The Second Cooing: Raising Passenger Pigeons from the Dead
The world has been without passenger pigeons since 1914.
April 13, 2013— -- The world has been without passenger pigeons since 1914. Now, scientists want to bring them back. Geneticist Ben Novak has embarked on the project and has begun collecting passenger pigeon DNA from natural history museums. His "de-extinction" efforts are not without critics.
The eye sockets of the slender pigeon are filled with light-colored cotton. Its neck feathers shimmer in iridescent colors, and it has a russet chest and a slate-blue head. The yellowed paper tag attached to its left leg reads: "Coll. by Capt. Frank Goss, Neosho Falls, Kansas, July 4, 1875."
Ben Novak lifts up the stuffed bird to study the tag more closely. Then he returns the pigeon to a group of 11 other specimens of the same species, which are resting on their backs in a wooden drawer. "It's easy to see just dead birds," he says. "But imagine them alive, billions of birds. What would they look like in the sky?"

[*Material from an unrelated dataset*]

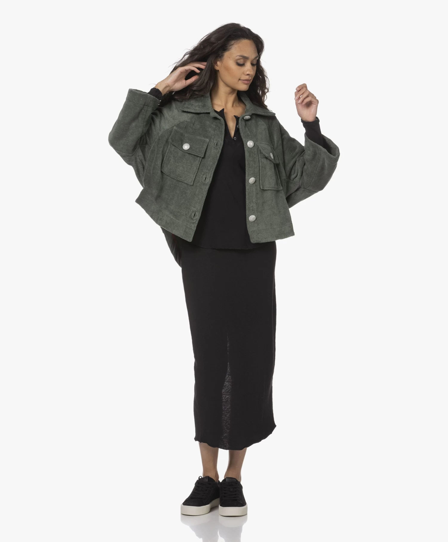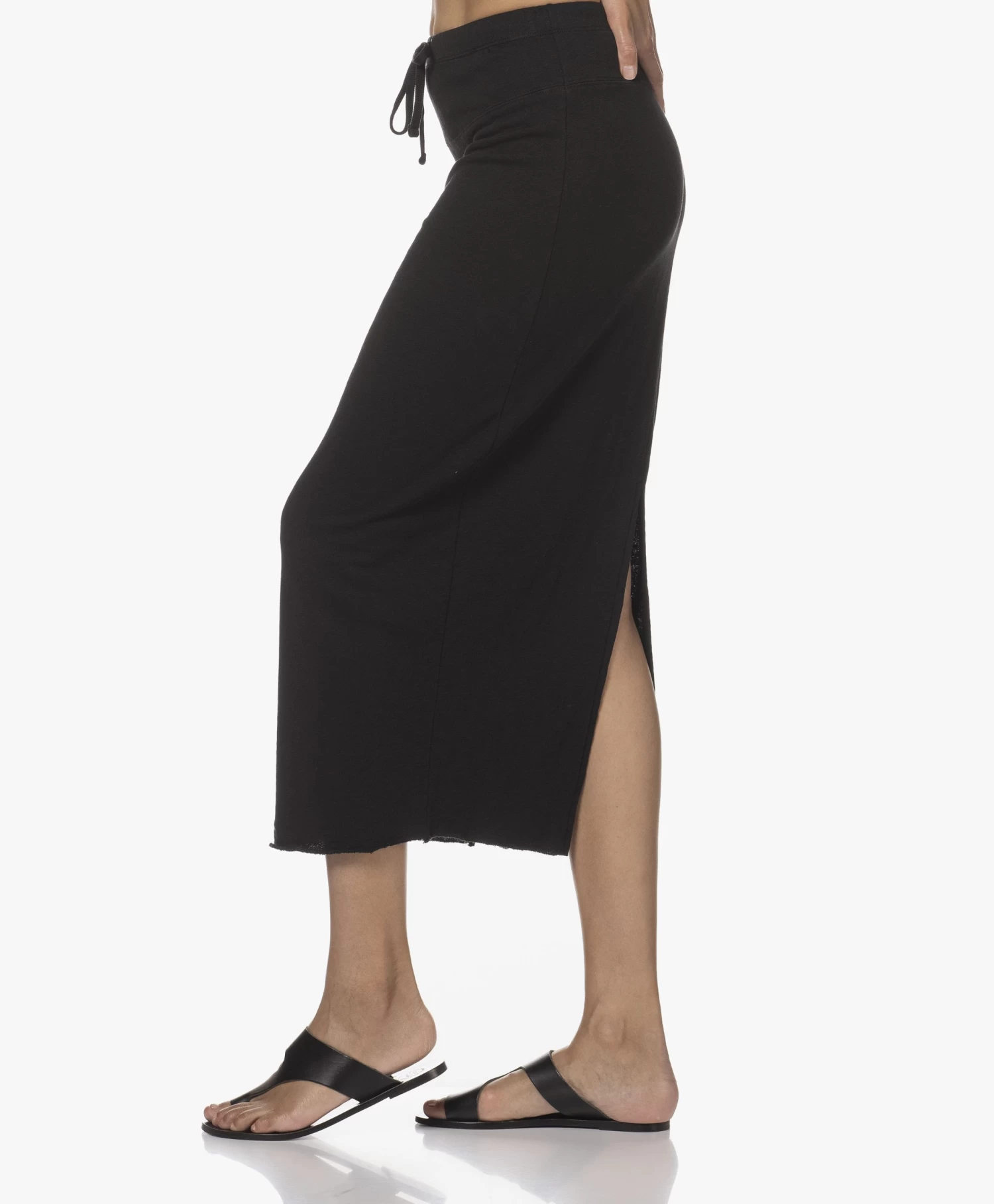 James Perse’s zwarte Fleece rok is gemaakt van niet te zware, soepelvallende French terry-jersey met een iets langere ‘lus’ aan de binnenzijde die daardoor aanvoelt als zachte badstof. De subtiel geslubde jerseykwaliteit is vervaardigd uit Supima katoen, een superieur zachte en sterke katoensoort. De kuitlange sportieve rok is ontworpen met een hoge achtersplit en een onafgewerkte zoom.

Novak has an audacious plan. He wants to resurrect the passenger pigeon. Vast numbers of the birds once filled the skies over North America. But in 1914 Martha, the last of her species, died in a zoo in Cincinnati, Ohio.
Novak, a researcher with the Long Now Foundation, a California think tank, wants to give the species a second chance. At the Museum of Vertebrate Zoology in Berkeley, Novak used a scalpel to slice small tissue samples from the red-painted toes of the passenger pigeons kept there. He hopes to isolate tiny bits of DNA from the samples and use them to assemble an entire genotype. His ultimate goal is the resurrection of the passenger pigeon.
"It should be possible to reconstruct the entire genome of the passenger pigeon," says Novak. "The species is one of the most promising candidates for reintroducing an extinct species."
The art of breathing new life into long-extinct species is in vogue among biologists. The Tasmanian devil, the wooly rhinoceros, the mammoth, the dodo and the gastric-breeding frog are all on the list of candidates for revival. To recover the genetic makeup of species, experts cut pieces of tissue from stuffed zoological rarities, pulverize pieces of bone or search in the freezers of their institutions for samples of extinct animals.
The Dream of "De-Extinction"
The laboratory techniques to create new life with bits of genetic material were pure fantasy in the past. But now scientists believe that the vision could become reality, step by step. Experts in bioengineering, zoologists, ethicists and conservationists recently met in Washington, DC for a public forum on "de-extinction."
"Extinct animals are the most endangered species of them all" because "there is hardly anything left but the DNA," says Stewart Brand of the Long Now Foundation, which co-hosted the meeting with the National Geographic Society. The current showpiece project in bioengineering is the rebirth of the passenger pigeon.
The story of Ectopistes migratorius is a striking example of human hubris. When the Europeans arrived, the passenger pigeon was probably the most common bird on the American continent. The birds travelled in giant flocks, sometimes several hundred kilometers long. "The air was literally filled with pigeons," naturalist John Audubon wrote in 1831, after observing the spectacle. "The light of noon-day was obscured as by an eclipse."